:: About this exercise ::
Output exactly the lines of the listing below that run from the line with "그리고 그 밑에 아나콘다가" through the line with "Safety Sign, Vertical". No pictures.

:: Data ::
+++++

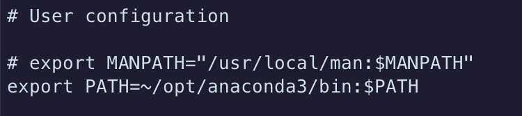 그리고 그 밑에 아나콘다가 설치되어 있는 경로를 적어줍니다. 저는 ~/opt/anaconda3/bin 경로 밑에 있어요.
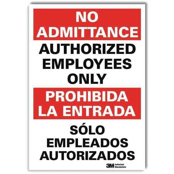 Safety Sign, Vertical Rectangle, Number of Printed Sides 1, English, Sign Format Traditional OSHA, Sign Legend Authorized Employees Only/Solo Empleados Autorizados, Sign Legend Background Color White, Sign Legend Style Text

+++++

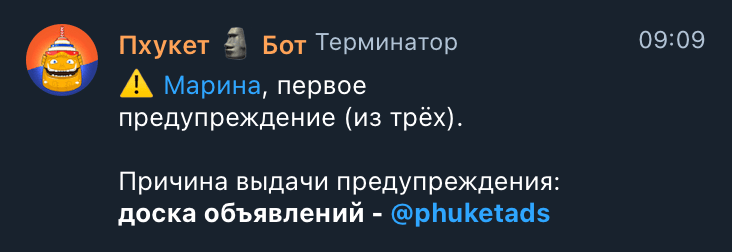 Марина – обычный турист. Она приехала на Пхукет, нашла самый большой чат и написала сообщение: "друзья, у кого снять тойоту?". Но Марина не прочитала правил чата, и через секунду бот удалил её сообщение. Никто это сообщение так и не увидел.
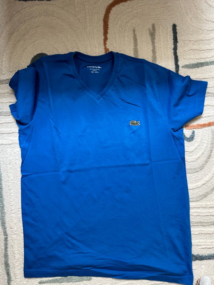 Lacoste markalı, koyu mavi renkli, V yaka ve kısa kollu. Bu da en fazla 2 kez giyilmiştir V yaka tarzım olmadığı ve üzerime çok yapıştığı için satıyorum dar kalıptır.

+++++

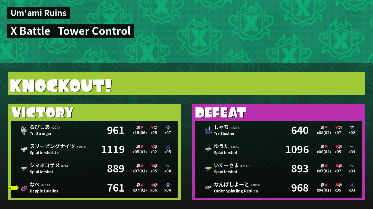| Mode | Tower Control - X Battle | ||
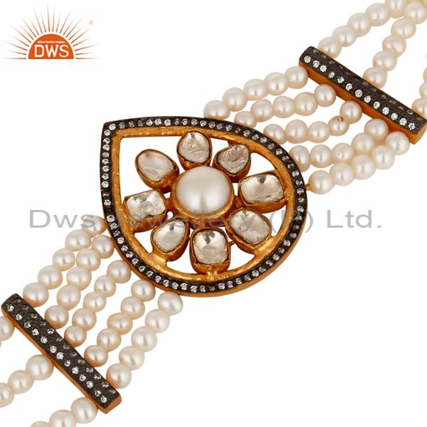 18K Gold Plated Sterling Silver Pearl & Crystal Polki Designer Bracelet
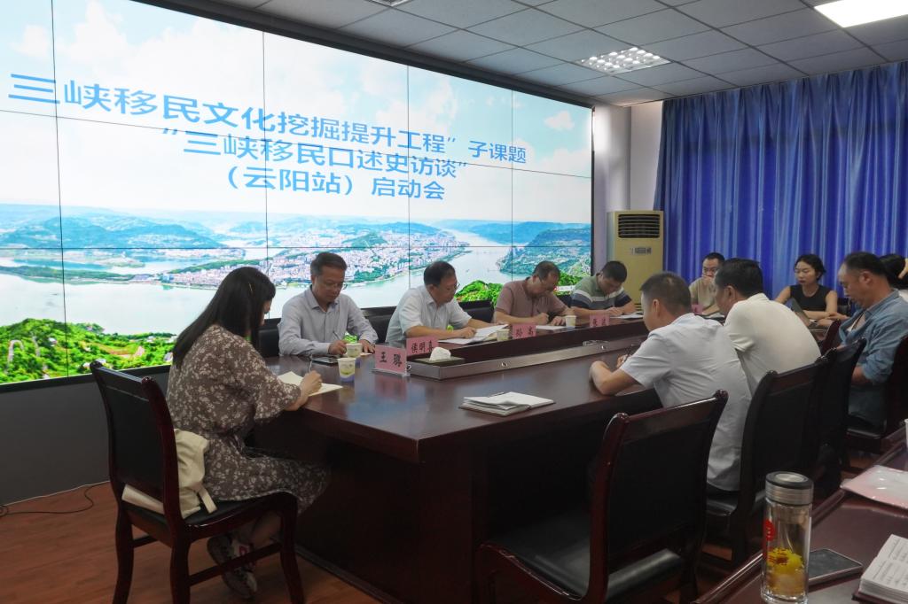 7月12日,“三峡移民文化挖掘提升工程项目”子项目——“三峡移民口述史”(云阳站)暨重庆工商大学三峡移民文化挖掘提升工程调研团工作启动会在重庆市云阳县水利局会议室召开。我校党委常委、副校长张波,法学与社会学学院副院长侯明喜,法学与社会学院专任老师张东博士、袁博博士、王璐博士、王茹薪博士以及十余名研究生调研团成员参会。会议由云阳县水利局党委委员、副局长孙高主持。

+++++

:: Response below ::
 그리고 그 밑에 아나콘다가 설치되어 있는 경로를 적어줍니다. 저는 ~/opt/anaconda3/bin 경로 밑에 있어요.
 Safety Sign, Vertical Rectangle, Number of Printed Sides 1, English, Sign Format Traditional OSHA, Sign Legend Authorized Employees Only/Solo Empleados Autorizados, Sign Legend Background Color White, Sign Legend Style Text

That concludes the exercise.